Note that this does give the expected result that the ratio between the two samples is statistically the same as 0.5, which is the ratio of the masses. The only problem here is that the error is quite large, The average of the uncertainty divided by the mean is 39.6%.
Below are the half life plots for the Pure Selenium sample and the ash mixture
The slope of the mixture plot gives a half life of 63.48 +/- 26.85 minutes. This does overlap, but the error is extremely large.
The slope of the pure selenium sample plot gives a half life of 56.08 +/- 16.33 minutes. Again this does overlap, but the error is still quite large.
The ratio of the initial activities is 0.49 +/- 0.13. Now this does fall within 1 standard deviation of 0.5, which is the value we want.
Dead Time Corrected
I have shown that by tracing the activity back in time for the pure selenium sample that the activities are the same here LB Thesis Thin Window Analysis, but now I must make sure that this will actually give the ratio that is expected.
Begin with the third measurement that was taken for the pure selenium sample
Pure Se Analysis
This will be using a new method as of 12/14 to find the error in the signal. To do this, find the intrinsic error by
[math] \frac{I_{Expanded}-I}{I} [/math]
Where the expanded integral value is the integral from the stats box after the 2 channel window has been increased by 2 sigma. This number will then be multiplied by the background subtracted thin window signal. So the error in the signal is
[math] \sigma_I = I_{Expanded} - I [/math]
Third Pure Se Measurement
Below is the histogram of interest
From this we can see that
[math] I \pm \sigma_I = 412800 \pm 642.50 Counts [/math]
and the integrated background is given by
[math] B \pm \sigma_B = 18992 \pm 97.8 Counts[/math]
Now we can find the background subtracted signal
[math] N \pm \sigma_N = 393808 \pm 649.90 Counts[/math]
Now convert this into an activity by dividing by the runtime
[math] A_{Measure} \pm \sigma_{A_{Measure}} = \frac{393808}{275} \pm \frac{649.90}{275} = 1432.03 \pm 2.36 Hz [/math]
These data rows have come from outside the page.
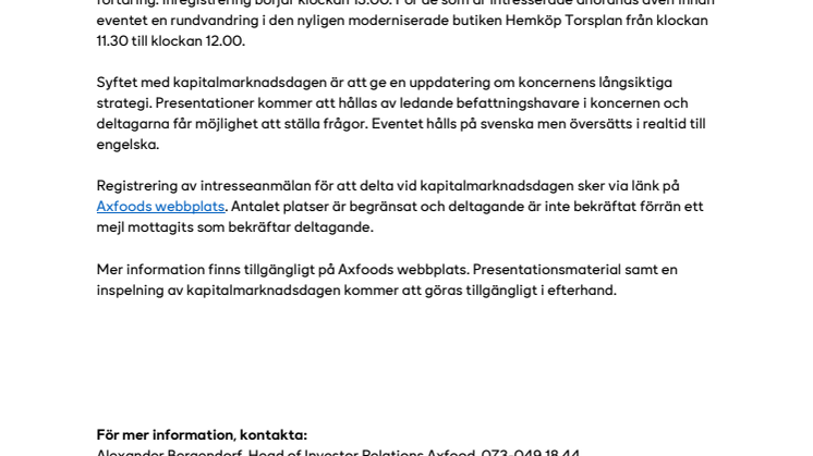 Mer information finns tillgängligt på Axfoods webbplats. Presentationsmaterial samt en inspelning av kapitalmarknadsdagen kommer att göras tillgängligt i efterhand.
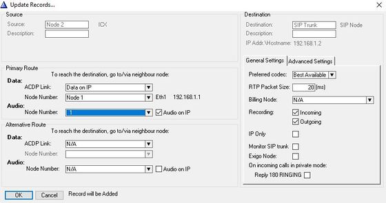 In the example above there will be maximum two voice calls via SIP Trunk node 100. A third call will be routed to trunk node 101.
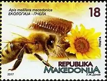 The Macedonian bee (Apis mellifera macedonica) is a subspecies of the Western honey bee. It is found mainly in North Macedonia, Northern Greece and other places in the Balkans as well. Originally this subspecies was described based on morphological characteristics by Friedrich Ruttner, as were the adami, cecropia and cypria subspecies.
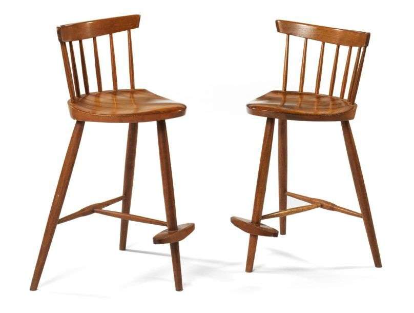 En noyer, reposant sur trois pieds reliés par une entretoise en T, dossier bas légèrement galbé à barreaux verticaux.
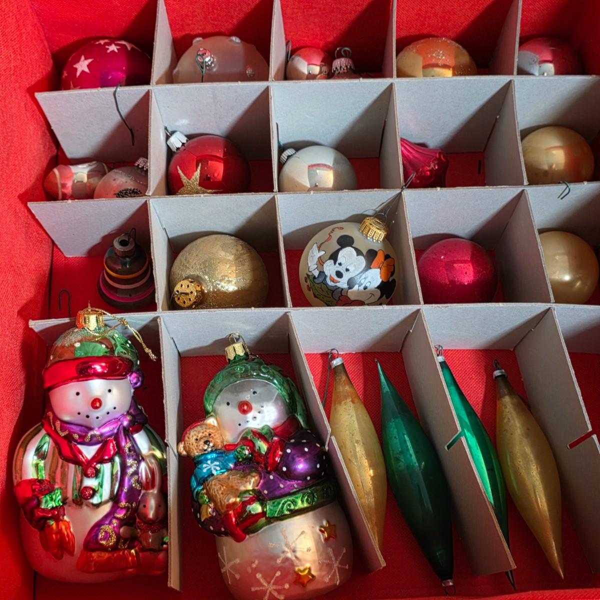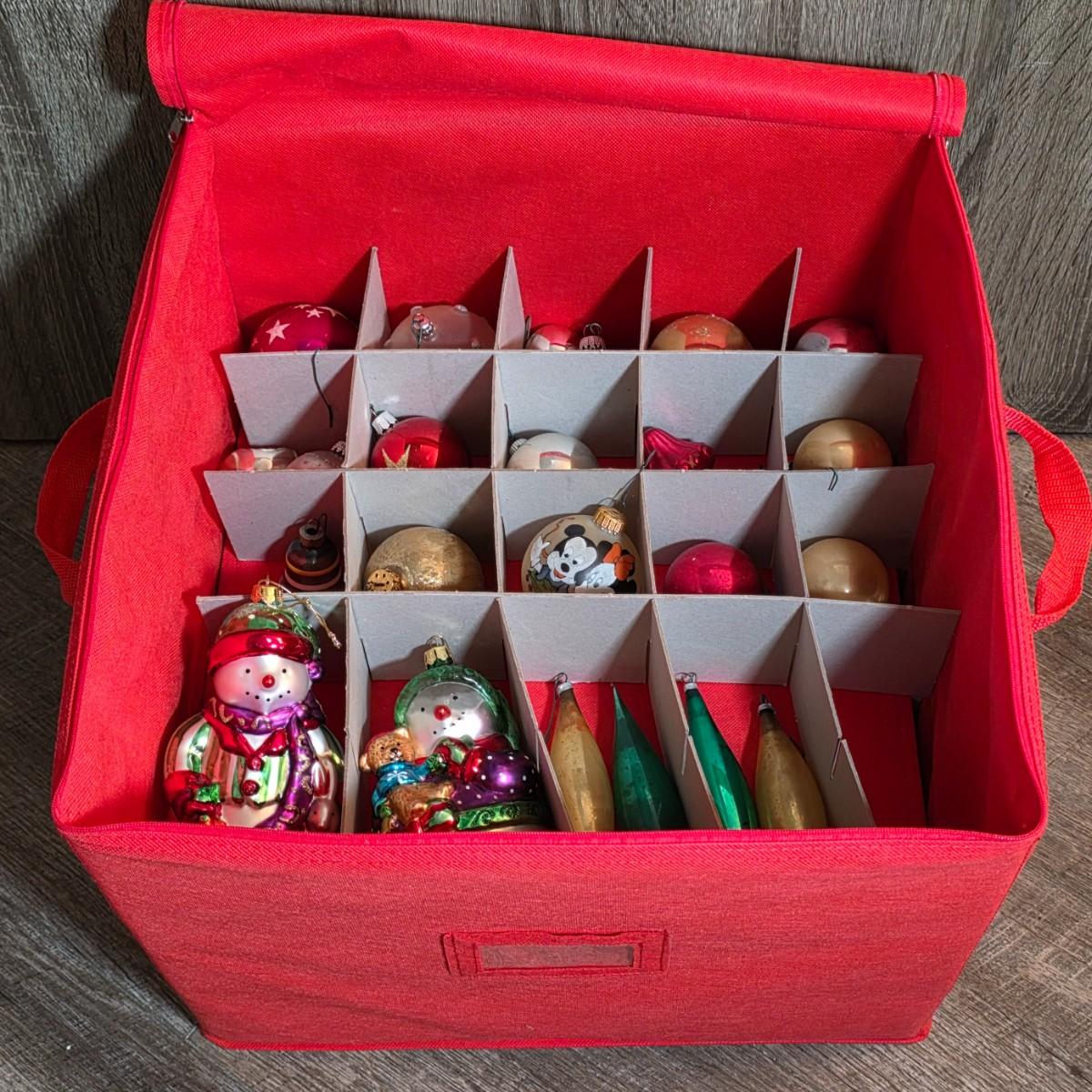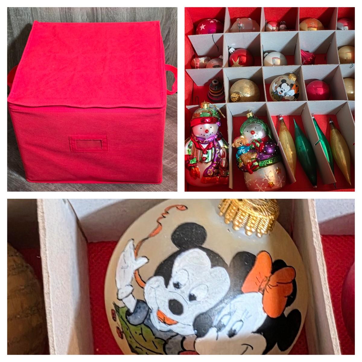 LOT 184D: Christmas Ornament Storage Tote, Filled With Beautiful Ornaments, Including Vintage Mickey/Minnie Christmas Ball
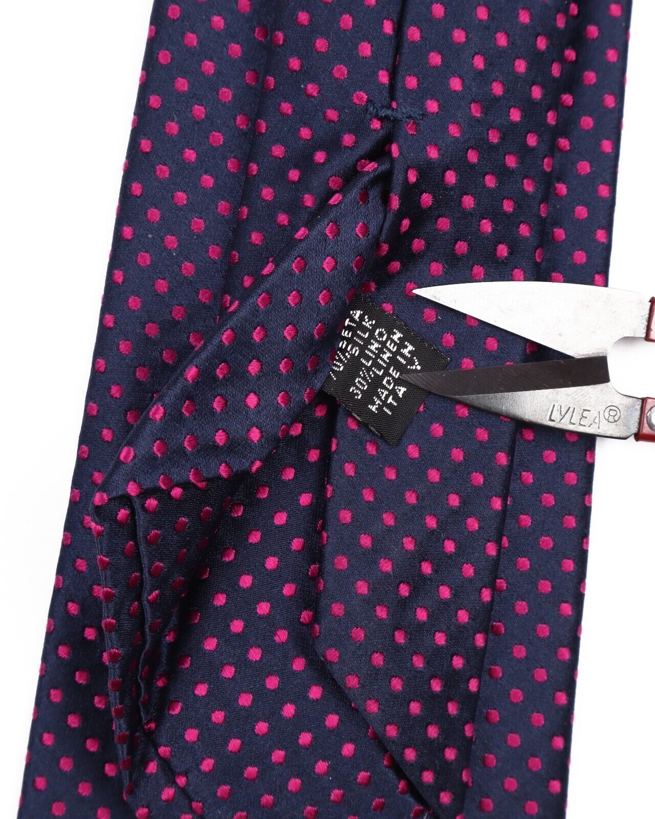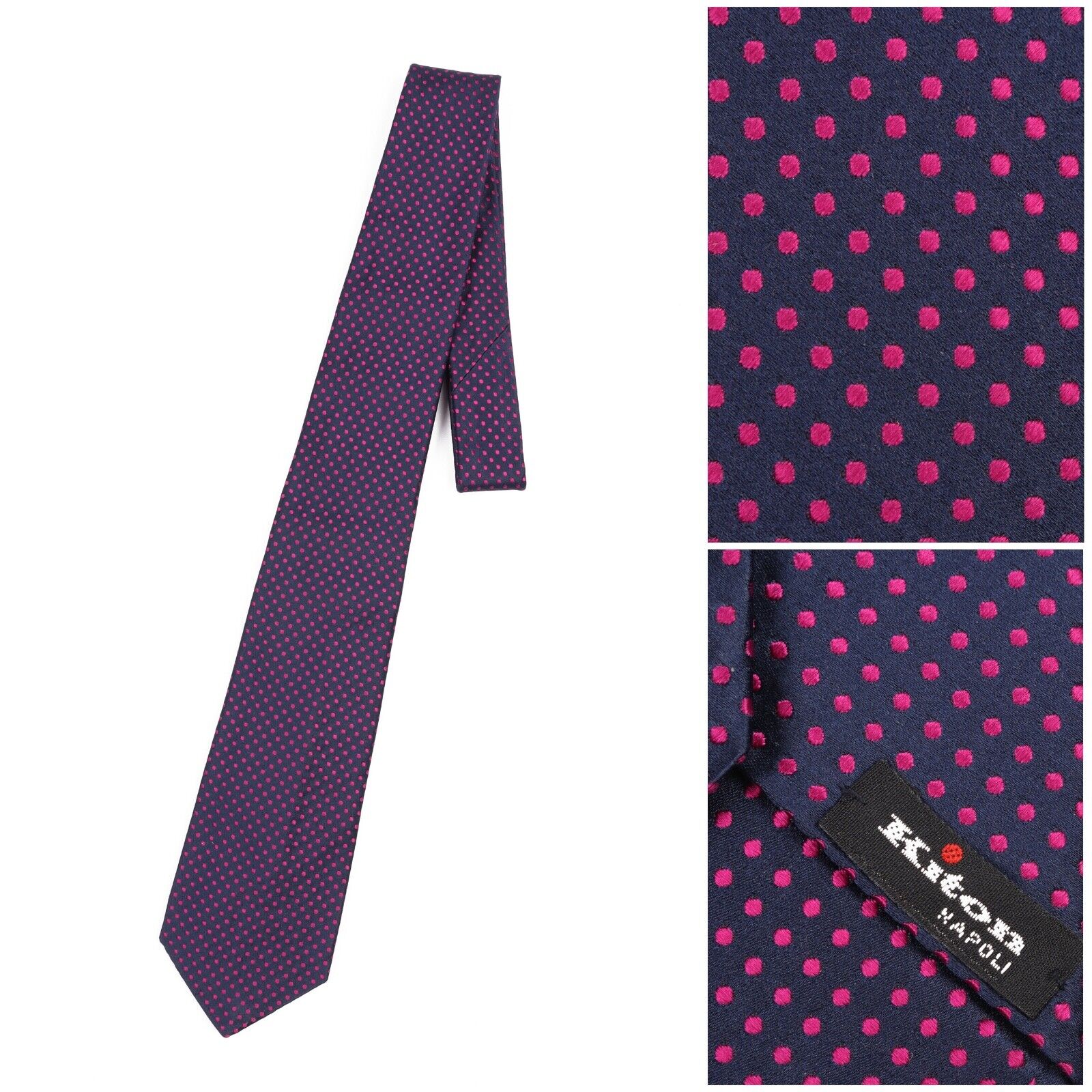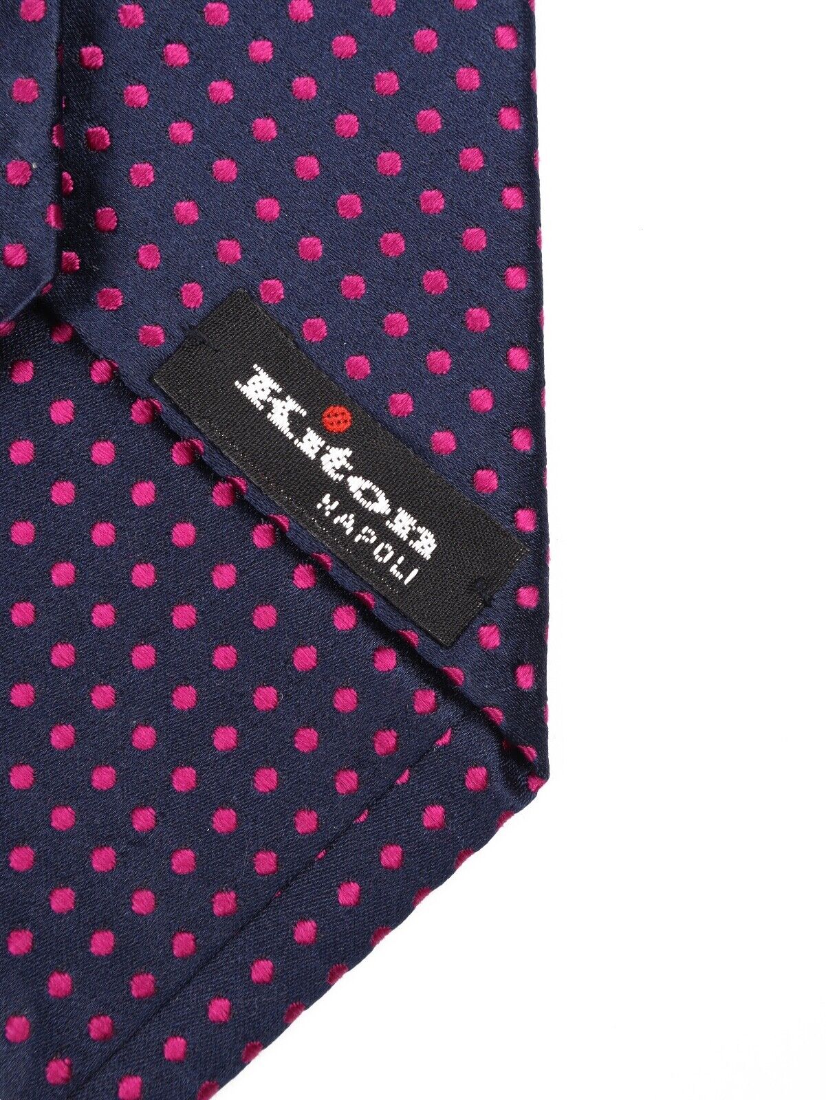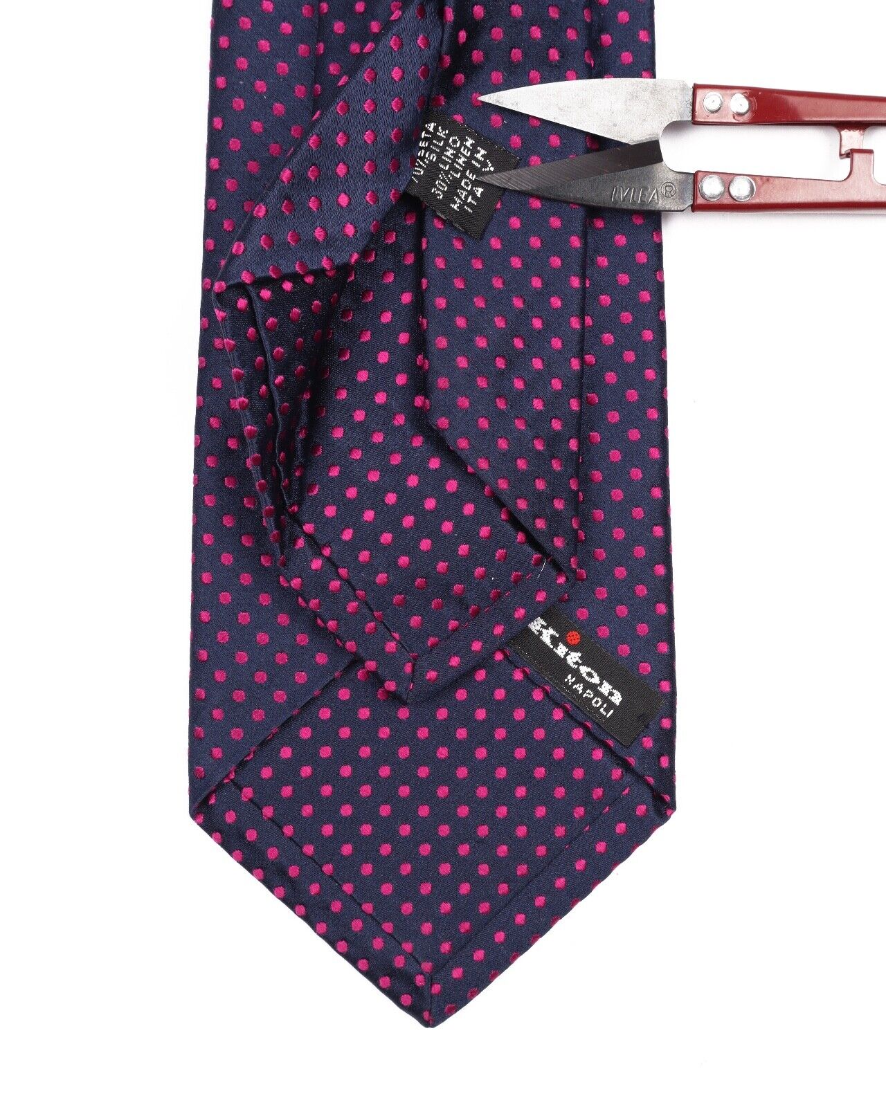 KITON NAPOLI Tie Navy Blue Silk Polka Dot Men's 7 Fold Necktie
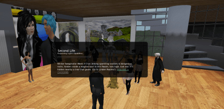Locks Aichi joined the class for the presentations by each team this week. A variety of approaches was taken including YouTube videos, Google Slide show to illustrate presentations in the classroom and finally, a visit to another location in SL which did not turn out as expected. The group gave us a link to a shopping centre to open their talk with a demonstration. Unfortunately, the owner was online when all thirty of us teleported there simultaneously and she assumed it was a griefing attack! After some serious confusion and much swearing on her part we returned to DIT. An explanation was sent to the shopkeeper by IM and the incident was concluded without any further rancour. It provided an excellent learning opportunity for the final meeting of our group – always ask permission before visiting someone else’s virtual space with a group – much as you would in Real Life. To be fair to the student team it had visited the location during the week and found it deserted and quite reasonably expected the same for our visit.
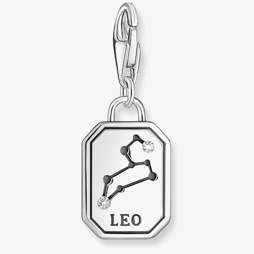 This octagonal-shaped charm is crafted from recycled silver with a slightly blackened finish, this exquisite charm features the iconic Leo zodiac sign adorned with small, sparkling white zirconia stones. Perfect for adding a touch of celestial elegance to your charm bracelet or necklace.

Now we can find the true value using the integrated measurement
[math] A_{True} = \frac{e^{\lambda \times 275} \times 1432.03 \times 275 \times \lambda}{e^{\lambda \times 275}-1} = 1472.11 Hz [/math]
[math] \sigma_{A_{True}} = \sqrt{(\frac{t\times e^{\lambda t} \times \lambda \times \sigma_{A_{Measure}}}{e^{\lambda t}-1})^2 + (\frac{e^{\lambda t}(A t e^{\lambda t} - \lambda^2 - A t + A t \lambda)}{(e^{\lambda t}-1)^2})^2 \times \sigma_{\lambda}^2} = 2.43 Hz [/math]
So now the true value for the activity is
[math] A_{True} \pm \sigma_{A_{True}} = 1472.11 \pm 2.43 Hz [/math]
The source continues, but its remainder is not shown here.